The 'I Hate Romney' Club
Ana Marie Cox, Time Magazine
Last summer, former New York City Mayor Rudy Giuliani took time out of a GOP debate to defend John McCain: "I happen to be a very big admirer of Senator McCain and I can tell you quite honestly that if I weren't running for President I would be here supporting him." Pundits speculated that the praise was simply a kind word for the man whose campaign had recently exploded, plagued by debt and defections. Privately, McCain advisers wondered if Giuliani was playing nice in order to secure McCain's endorsement after he dropped out of the race.
But this week it was Giuliani who dropped out of the race and endorsed McCain, praising him as an "American hero."
The endorsement was a reflection of the authentic respect McCain and Giuliani have for each other. But that's not all the two candidates share. The endorsement deal was solidifed when both campaigns stayed at the Deerfield Hilton in Florida, following the Republican debate in Boca Raton on January 24. The two campaigns' staff mingled easily over drinks. Acknowledging that his candidate was not likely to survive a defeat in Florida, a Giuliani aide approached one of the McCain senior staffers. Come Wednesday, he said, "Just tell us what want us to do — we've got to stop him."
"Him," of course, is Mitt Romney, the candidate who seems to be uniting his Republican rivals almost as much as Hillary Clinton. "The degree to which campaigns' personal dislike for Mitt Romney has played a part in this campaign cannot be underestimated," says an adviser to one of those rival campaigns. While sharp words have been exchanged between practically every Republican candidate at one point or another on the campaign trail, the aversion to Romney seems to go beyond mere policy disagreements. It's also a suspicion of what they see is his hypocrisy and essential phoniness — what one former staffer for Fred Thompson called Romney's "wholesale reinvention."

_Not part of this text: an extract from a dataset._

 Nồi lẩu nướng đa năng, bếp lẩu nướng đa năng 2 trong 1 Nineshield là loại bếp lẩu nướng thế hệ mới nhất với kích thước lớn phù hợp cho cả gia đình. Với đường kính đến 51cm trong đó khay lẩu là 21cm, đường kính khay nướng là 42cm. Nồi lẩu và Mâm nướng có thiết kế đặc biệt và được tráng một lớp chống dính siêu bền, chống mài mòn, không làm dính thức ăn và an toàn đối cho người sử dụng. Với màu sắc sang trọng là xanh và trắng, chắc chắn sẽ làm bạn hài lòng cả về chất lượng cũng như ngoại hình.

The Romney campaign doesn't pretend the sour attitude toward its candidate doesn't exist. But chief counselor Ben Ginsberg insists— echoing one of the campaign's main themes — the attitude stems largely from the fact that Romney is "the outsider candidate. He's not from Washington and he's going to change Washington. He's not part of their club."
At times, this apparent rancor among the other candidates toward Romney has seemed like a schoolyard pact — for example, in the many snarky comments aimed at Romney during the Republican debate on Jan. 5, just before the New Hampshire primary. The campaigns have denied there's any political collusion going on; they insist all of them simply feel the same way about Romney.

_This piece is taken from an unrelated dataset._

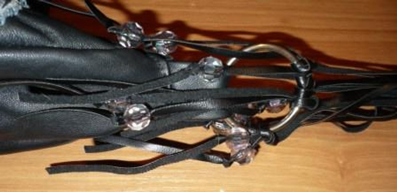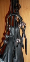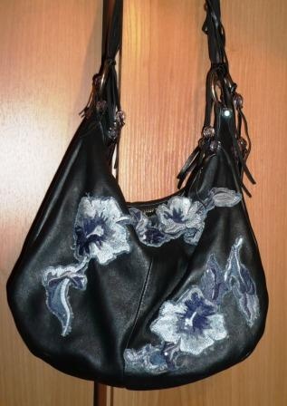 * кожаная объемная сумочка с цветочной аппликацией из джинсовой ткани, ручка через плечо из шнурков ,украшенных бусинами. Моделька на повседневку.
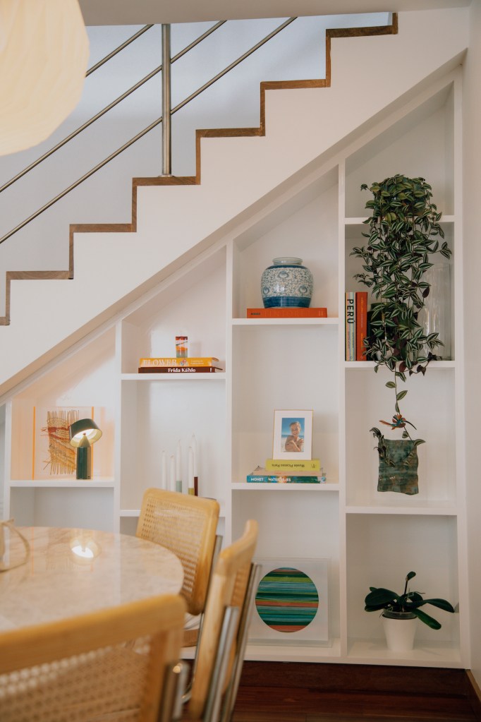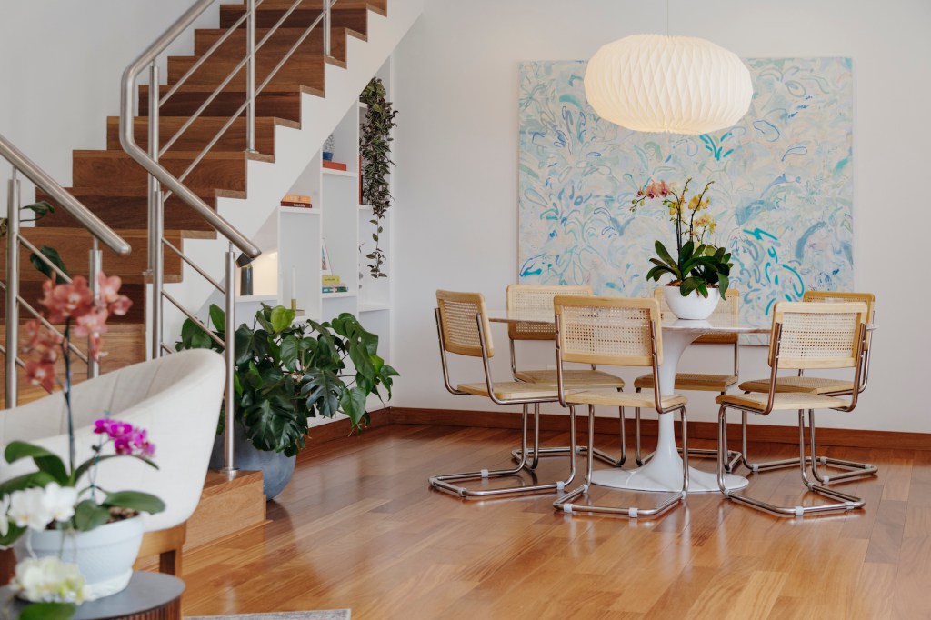 En el comedor, un óleo en gran formato de Alejandra Pérez da un fondo de color al ambiente y conecta con el espacio social. La parte baja de las escaleras se aprovechó muy bien con una serie de repisas para libros, objetos y plantas. Abundan las orquídeas, una flor que demanda paciencia, amor y un cuidado particular. Nicole heredó el gusto por ellas de su papá. En este momento de su vida, son un recordatorio de lo importante que es avanzar sin prisa.

To be sure, the candidates' staffs do seem to have bonded in their dislike of Romney. "It was very common for e-mails to be flying around between the Thompson, McCain and Giuliani campaigns," says the former Thompson staffer, "Saying, 'No matter what happens with us, we all need to make sure it's not him.'" The staffer says that campaigns would share opposition research on Romney and offer each other tips on how best to undermine him: "Like, 'Hey, I saw you hit Mitt on immigration — have you thought about going after him on this issue?" In some cases, the attitude even extends to the top of the campaigns. The night of the Iowa caucuses, after getting a congratulatory call from McCain, Huckabee told the candidate, according to aides: "Now it's your turn to kick his butt."
Before and after debates, rival campaign staffers note, Romney tends not to mingle with the other candidates — most of whom know each other professionally — preferring instead to keep close to his family and staff. And those same staffers delight in trading stories about Romney's odd behavior. The day before the Republican primary, Huckabee mocked Romney for ordering lunch at a Kentucky Fried Chicken, then peeling off the fried coating and eating it with a knife and fork. Presented with a golf club, Huckabee said he wouldn't be very good at the game: "I'd be like Mitt Romney eating fried chicken."
But such jibes mask more substantive complaints that many of the candidates have about Romney. "What Romney has done," says a Huckabee adviser, "he's attacked people for positions he once held. That annoys people. And he uses his own money to do it, which rubs it in." He's gone after McCain on campaign finance reform (which he once supported), Huckabee on tax increases (Huckabee countered that Romney's raised "fees" amounted to the same thing), and nearly all the candidates on immigration.
The Republicans, of course, have no monopoly on bad feelings between candidates. In recent weeks, the bitter feuding between Hillary Clinton and Barack Obama has made many voters wary and disappointed. Yet in recent years, Republicans have made a mantra out of Reagan's "11th Commandment": "Thou shall not criticize other Republicans." Unaligned pollster Whit Ayers notes, however, that the Clinton-Obama clashes have "tapped into racial fault lines," something missing from the anti-Mitt sentiment. "It doesn't tap into anything larger," says Ayers. "It's just personal."